Summary: | 碩士 === 國立臺灣大學 === 生物產業機電工程學研究所 === 97 === Near-infrared (NIR) has been widely used in many fields; however, there are still some constraints in application due to the constructional differences among spectrometers. Even if the measurements conducted on the same sample, the spectral responses of instruments are different. Therefore, the databases and calibration models built on Master instrument can’t be used for the spectra measured by Slave instrument. In order to solve this problem, the method of Spectral Standardization has been developed.

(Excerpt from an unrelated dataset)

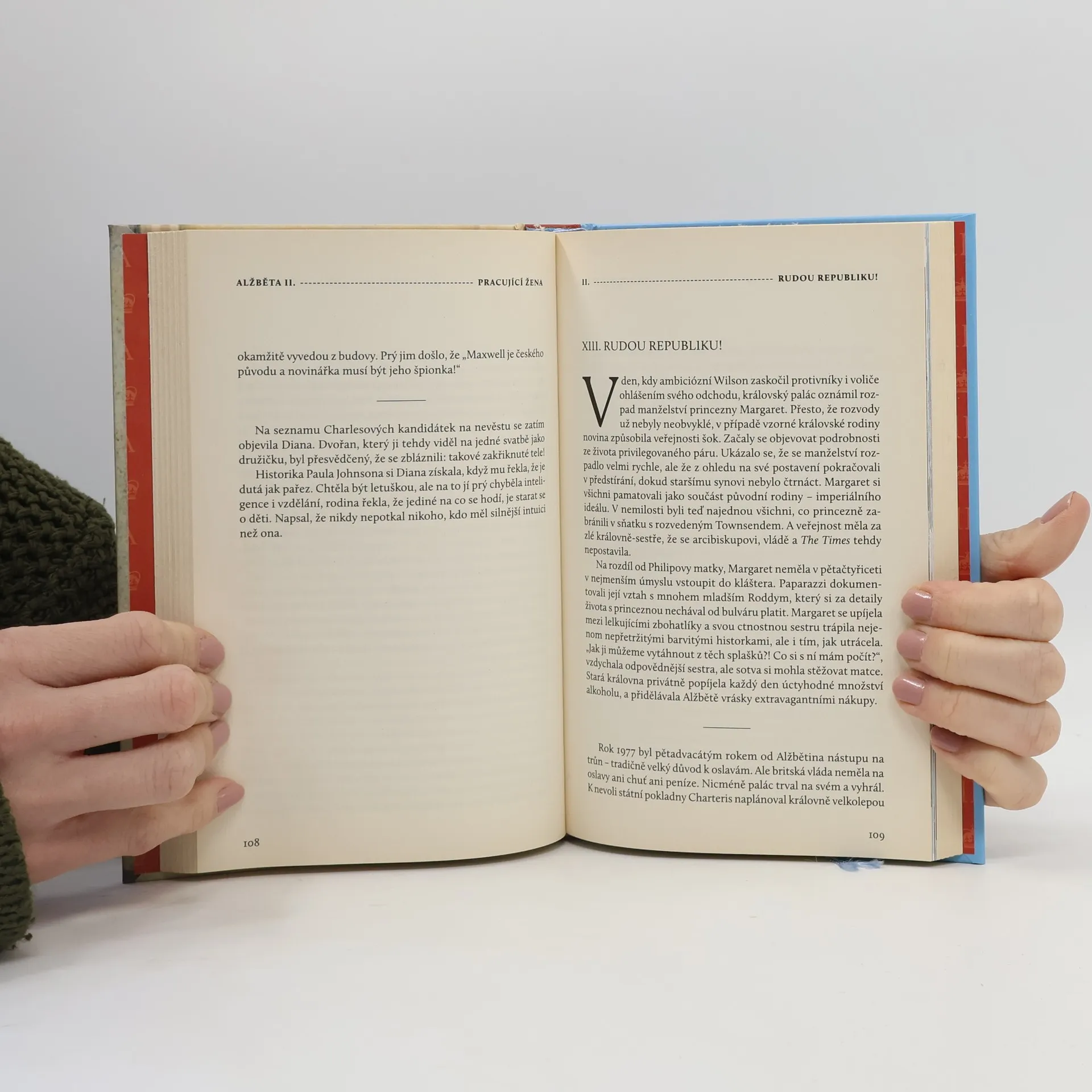 Alžběta II. čte tajné zprávy výzvědných služeb a jako jediná na této planetě se jimi zabývá už od dob Stalina. Vždycky když před Buckinghamským palácem zastaví vůz s novým premiérem, dotyčnému se nervozitou zrychlí dech. Nejde políbit ruce vetché prababičce. Jde se uctivě poklonit panovnici, která ho jedinou otázkou může zredukovat na politického zelenáče. Alžběta do svých deseti let snila o tom, že se provdá za farmáře a bude žít obklopená koňmi, krávami a psy. Zhroutil se jí svět, když se její plachý otec nečekaně stal králem a rodina musela do Buckinghamskeho paláce. „Bylo to jako bivakovat ve starém muzeu plném myší...“ Otci, s kterým do té doby skákala panáka, se musela začít klanět a i v zahradě mít naražený klobouk a chovat se způsobně. Alžběta v jednadvaceti přesvědčila nejhezčího oficíra v britském impériu, aby se do zlaté klece nechal zavřít s ní a společně zmodernizovali monarchii tak, že zůstala institucí, na kterou jsou všichni Britové pyšní. Alžběta odmítla být loutkou nebo filmovou hvězdou, tvrdě ve svém úřadu pracovala. Matka čtyř dětí si vysloužila v historii místo poslední skutečné a globálně uctívané královny.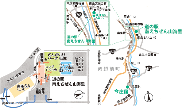 北陸自動車道から道の駅 南えちぜん山海里にお越しの際は、南条SA駐車場の混雑を避け、

In this research, Spectral Standardization Models were practically applied to the Sugar Content Inspection for Fruits. In this study, Standard Normal Variate (SNV)、Multiplicative Scatter Correction (MSC) and 1st Derivatives Spectral Pretreatment method were combined with the Spectral Mapping methods, such as Piecewise Direct Standardization, (PDS) and Support Vector Standardization (SVS) , in order to find the best Standardization strategy among different instruments. The Standardization ability will be evaluated by the Spectral prediction ability after standardization.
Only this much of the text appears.